Athol Fugard's "Master Harold" . . . and the Boys has traditionally been read as an allegory of racial inequities in South Africa. So have virtually all of Fugard's plays, whether they've been as overt as Statement After an Arrest Under the Immorality Act or as covert as Hello and Goodbye. The situation in Africa may not have altered much since 1982, when Master Harold was written, but nowadays we are far more aware of apartheid and its evils. This may be the reason that director Kelly Loudon has chosen in Argyle Gargoyle's production to emphasize the relations between the characters. This Master Harold seems less a story of social tensions than of a boy's painful initiation into manhood.

It was a wise choice. The same media inundation that made the Vietnam war everyday and thus easy to ignore has also inured us to the suffering in African nations--or in any nation, for that matter, including our own. Reducing these sweeping issues to a microcosm of two men and a child brings the point home more poignantly than any indignant editorial or agitprop slogan could. We all remember the shock of first learning that there were people with whom we could not go out and play. We know in our guts that anything is bad that forces a lonely child to sit by himself on a "for whites only" bench.
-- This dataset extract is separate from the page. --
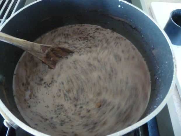 Caliente medio alto, revolviendo constantemente hasta que espesa la mezcla a ebullición suave.
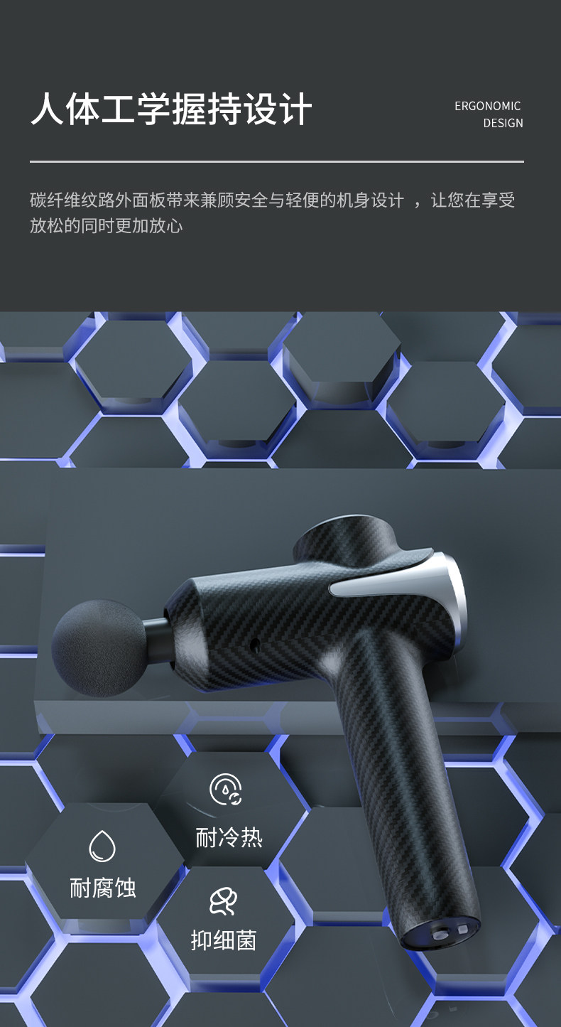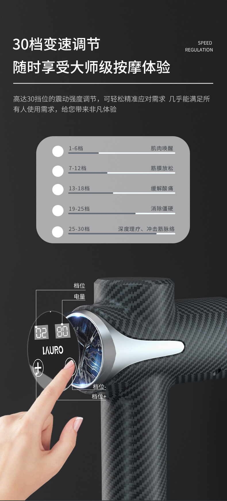 LAURO Q5筋膜槍充分考量使用者手握姿態,采用人體工學握持設計、碳纖維紋路,兼顧安全與輕便,且采用長效儲能鋰電池,持久輸出動力,無需為頻繁充電而困擾,充滿一次電,可滿足一個月的使用,自在隨心,隨時隨地暢享無憂體驗!

Argyle Gargoyle's production, recently moved from its south-side home at Daley College to the Edgewater Theatre on Bryn Mawr, is up to the challenge of this intense drama. Here from the original production are Sammy Oshin, playing Willie with a smile big enough to light the darkest continent, and Scott Sandoe, who manages to be perfectly convincing as the adolescent Hally though his program credits indicate that he is well beyond voting age. New to the cast, in the difficult role of Sam, is Arch Harmon. He is understandably somewhat less comfortable in his role than his two compatriots are in theirs, but delivers a solid, well-focused performance nonetheless.

Set designer Cheryl Whitmore has created a restaurant so real in its genteel squalor that one could walk in and order a soda--but maybe you'd better check the glass it's served in. The other design elements in this production reinforce the impression of decaying grandeur, of a place where nothing can grow but hope for a better future.